" Here comes the sun.... Little darling, it's been a long cold lonely winter." - The Beatles
Even though it was a relatively short and unseasonably warm winter here on the east coast, it was a tough one for me and many of the people around me. I couldn’t be more ready for spring and the literal and symbolic renewal and new beginnings coming forth.
Because of work and some things that were going on with my family, I spent the winter in my home-town of Cambridge Massachusetts, where I haven’t lived since I left for college at seventeen. It was an intense winter, full of introspection, challenging myself in my work and on a personal level. Being re-enmeshed with my family, living in my childhood home after so many years on my own, forced me to examine myself and my lineage in a way that I hadn’t done before. To examine the narrative of my life and face difficult emotions from the past.
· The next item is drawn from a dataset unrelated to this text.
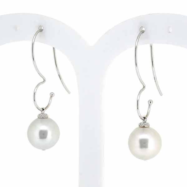 > 送料無料 本物 K14WG パール ダイヤモンド ピアス ホワイトゴールド 真珠 6月誕生石 ロング 一粒 レディース 洗浄済み オシャレ 揺れる
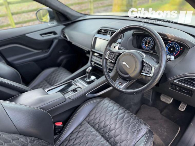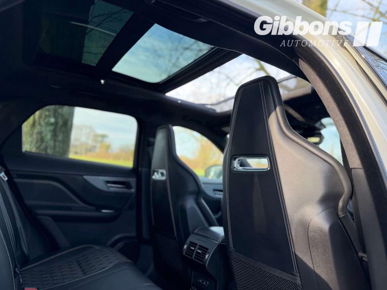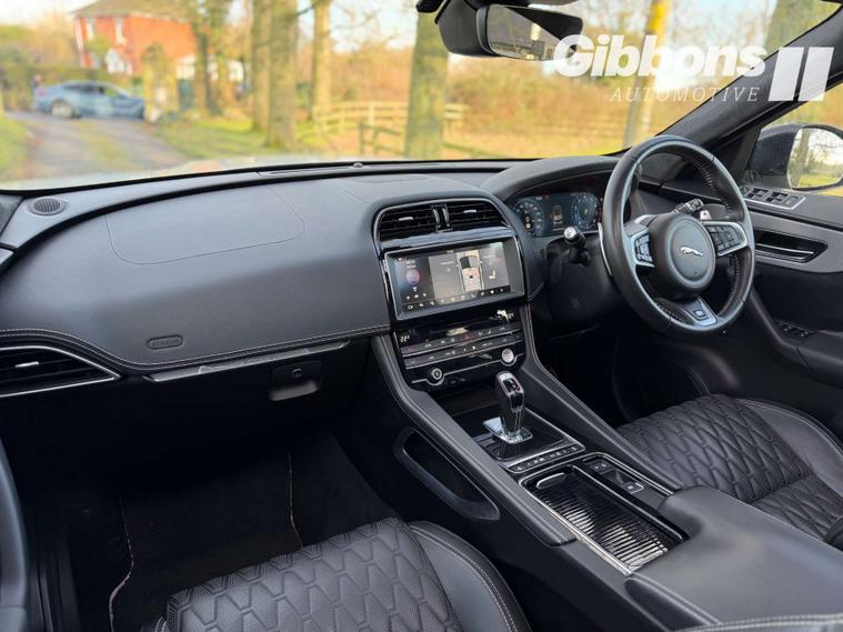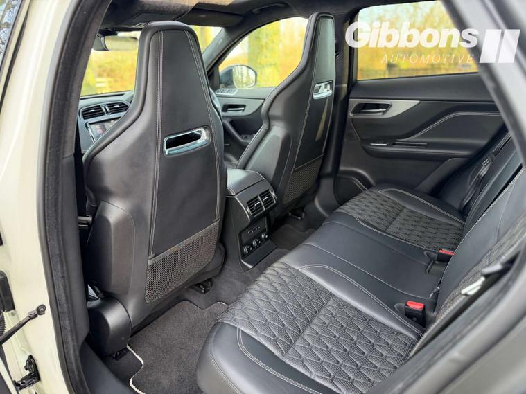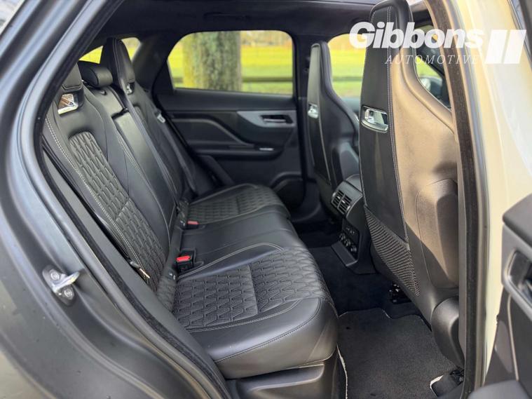 Equipped with SVR Reduced Section Alloy Spare Wheel, 22in Alloy Wheels with Gloss Black Finish, Detachable Tow Bar, Air Quality Sensor, and 4-Zone Climate Control, this Jaguar F-Pace is designed to impress.

I’ve been thinking a lot about the idea of acceptance and change, two entities that I had previously thought to be mutually exclusive. When I was younger I always thought of acceptance as being synonymous with defeat and resignation. It seemed the polar opposite of ambition and optimism. The people around me that I least wanted to be like, seemed to have accepted their limitations and situations in life and were defeated by them. The people who I did want want to be like, it appeared to me, were optimistic, ambitious and had overcome hardships and had achieved happiness and success. I have always been ambitious and optimistic, able to see some glimmer of light even in the darkest of moments. For much of my life, I powered through tough situations with sheer will power, refusing to be restrained or slowed down by fear or past pain and disappointments. I was constantly doing and achieving. Always looking on “ the bright side” never willing to look too closely at the dark side. I was fearless in venturing out in the world, traveling on my own, taking on challenging projects, pushing myself. Where my fear lay, was with venturing too far inward, into the past or into my own well of emotions. I was always looking to the future, never able to stay present in the moment.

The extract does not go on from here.